▶ **What you need to do**
Restate word for word the lines of the entries below, starting with the line that holds "對歸集的數據進行梳理、清洗形" and ending with the line that holds "피부에 민감한 붉은 가려움증과", and no others.

▶ **Data provided**
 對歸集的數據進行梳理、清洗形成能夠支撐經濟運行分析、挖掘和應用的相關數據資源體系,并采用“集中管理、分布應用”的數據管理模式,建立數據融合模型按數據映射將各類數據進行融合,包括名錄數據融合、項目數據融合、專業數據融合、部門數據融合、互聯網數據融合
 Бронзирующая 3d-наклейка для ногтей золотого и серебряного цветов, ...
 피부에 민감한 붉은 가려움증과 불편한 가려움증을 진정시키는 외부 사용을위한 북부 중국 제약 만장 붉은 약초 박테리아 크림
* * *
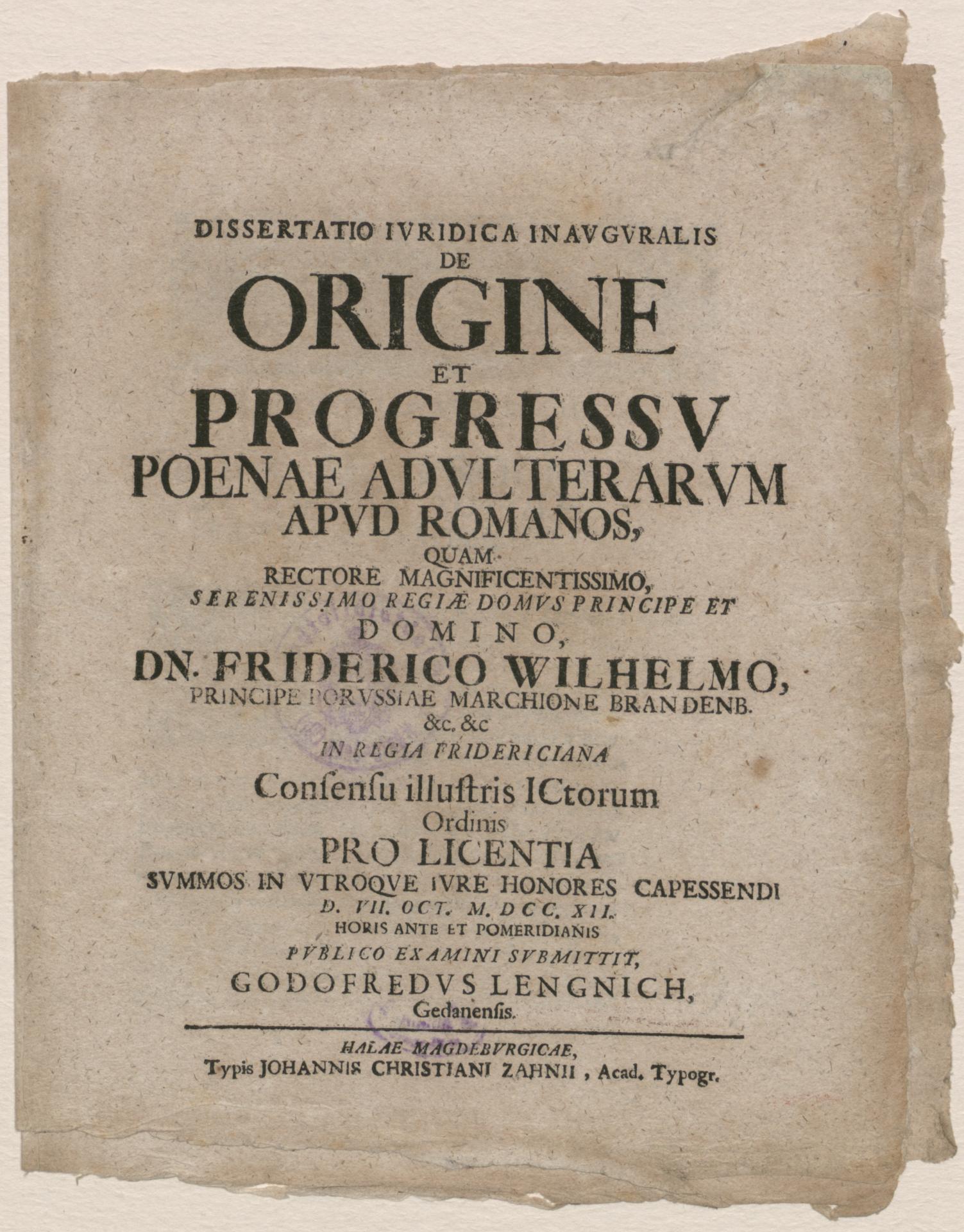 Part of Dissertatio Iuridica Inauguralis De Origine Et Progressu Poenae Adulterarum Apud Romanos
---
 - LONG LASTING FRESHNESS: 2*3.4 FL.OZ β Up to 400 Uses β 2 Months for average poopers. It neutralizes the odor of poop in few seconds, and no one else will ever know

▶ **Response to the exercise**
 對歸集的數據進行梳理、清洗形成能夠支撐經濟運行分析、挖掘和應用的相關數據資源體系,并采用“集中管理、分布應用”的數據管理模式,建立數據融合模型按數據映射將各類數據進行融合,包括名錄數據融合、項目數據融合、專業數據融合、部門數據融合、互聯網數據融合
 Бронзирующая 3d-наклейка для ногтей золотого и серебряного цветов, ...
 피부에 민감한 붉은 가려움증과 불편한 가려움증을 진정시키는 외부 사용을위한 북부 중국 제약 만장 붉은 약초 박테리아 크림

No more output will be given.